The 2nd line uses cut() to bin a vector of numbers into levels of a factor; the R package base, which loads whenever R starts, provides cut(), print(), and other basic functions. The 3rd line uses survfit() and Surv() of the R package survival to generate survival probabilities for each sex and year group; Surv() combines time and event status and ~ specifies its dependence on year group (yrg) and sex. Figure 1B is then created using ggsurvplot_facet() of the R package survminer.

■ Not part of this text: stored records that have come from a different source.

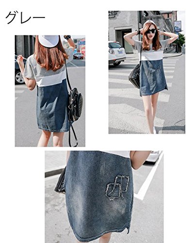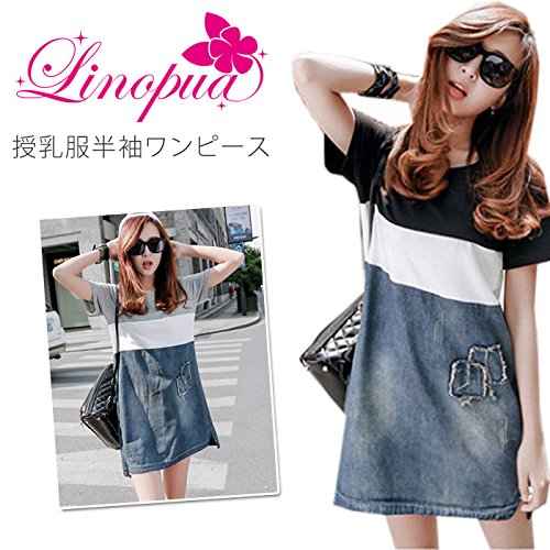 【Linopua】オシャレ♪ 授乳服 ワンピース 春夏にぴったり デニム カラー (半袖L, グレー)
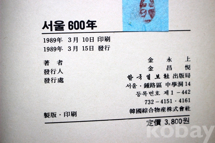 서울 600년 - 김영상 著 / 1989년. 한국일보사 발행
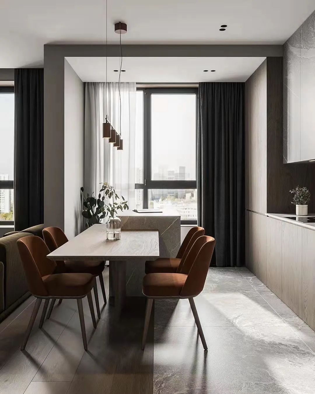 用餐区通过半堵墙和沙发连接而成的视觉分割线而独立,极富美感的选择了大理石工作台面和厨房墙面,既达成了色彩上的统一,也保证了实用性。温暖的橘色座椅搭配桌面上的绿色植物,房间里充满了生机。

Example 2: CML incidence analyses

Figure 2 shows that CML incidence depends on age, sex and race. The corresponding R script is:

(D=incidSEER(canc,popsae,"CML"))
(D=D%>%filter(age>=20,age<=80,year>=2000)%>%mutate(ageG=cut(age,seq(20,80,5))))
(D=D%>%group_by(sex,race,ageG)%>%
  summarize(age=mean(age),py=sum(py),n=sum(n))%>%mutate(incid=n/py))
summary(mm1<-mle2(n~dpois(lambda=exp(c+k*(age-50))*py),
                  #parameters=list(c~sex,k~sex),#k no diff
                  parameters=list(c~sex,k~race),#kW-O P=7e-8
                  method="Nelder-Mead",start=list(c=0,k=0.04),data=D)) 
D$EI=predict(mm1)/D$py#same as D=D%>%ungroup()%>%mutate(EI=predict(mm1)/py) 
D%>%ggplot(aes(x=age,y=incid,col=sex,shape=sex))+gxi+gyi+facet_grid(~race)+gp+
  geom_line(aes(y=EI))+scale_y_log10(breaks=c(1,2,5))+agts+jco+tc(13)+sbb+ltb+
  theme(legend.position=c(.45,.91),legend.key.height=unit(.7,'lines'))
ggsave("~/Results/tutorial/incidEx2.pdf",width=4,height=3)

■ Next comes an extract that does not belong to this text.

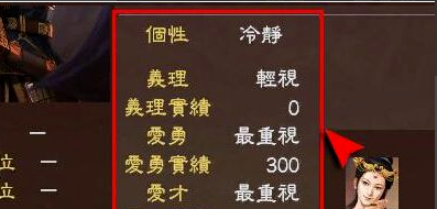 義理高的武將不容易背叛,并欣賞重視義理行動(dòng)的武將。愛(ài)勇高的武將則欣賞在軍事會(huì)立下成果的武將。愛(ài)才高的武將欣賞在內(nèi)政,計(jì)略,外交立下成果的武將。對(duì)應(yīng)價(jià)值觀的就是 實(shí)績(jī),會(huì)因各種行動(dòng)增減。
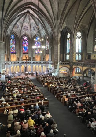 Les premiers sont arrivés dès 9h en l’église Saint-Paul pour vivre le culte. Christian Albecker, président de l’UEPAL, a eu la joie d’accueillir la nombreuse assemblée dans son message d’ouverture. La pasteure Marie-Claire Gaudelet, pasteure à la paroisse universitaire Saint-Paul de Strasbourg, et Jean-Philippe Lepelletier, pasteur à Sainte-Marie-aux-Mines, ont célébré ce culte festif.

In the 1st line, incidSEER() creates a data frame D with field py holding PY at risk in units of 105 person-years and n holding numbers of CML cases, for each sex, race, age and year. D is then filtered to ages 20-80 and years ≥2000, and ages are then binned into 5-year age groups (ageG). A tally is then made of n and py in sex, race and ageG bins, summing over years [i.e. variables not in group_by()], after which the new n and py are used to form a new observed incidence (incid) as n/py. Expected incidences (EI) are then formed by fitting exponentials in age to numbers of CML cases using Poisson regression; mle2() of the R package bbmle (Ben Bolker’s maximum likelihood estimation) is a convenient interface to R’s optimization functions. Whereas the fitted exponential amplitude parameter c depended on sex, the aging parameter k did not, but did depend on race (see script comments). Predictions of this model via predict() were then used to create EI. The remaining lines plot incid and EI. Comment: To save intermediates in nested function calls assignments must use <- instead of = because functions use = to identify arguments.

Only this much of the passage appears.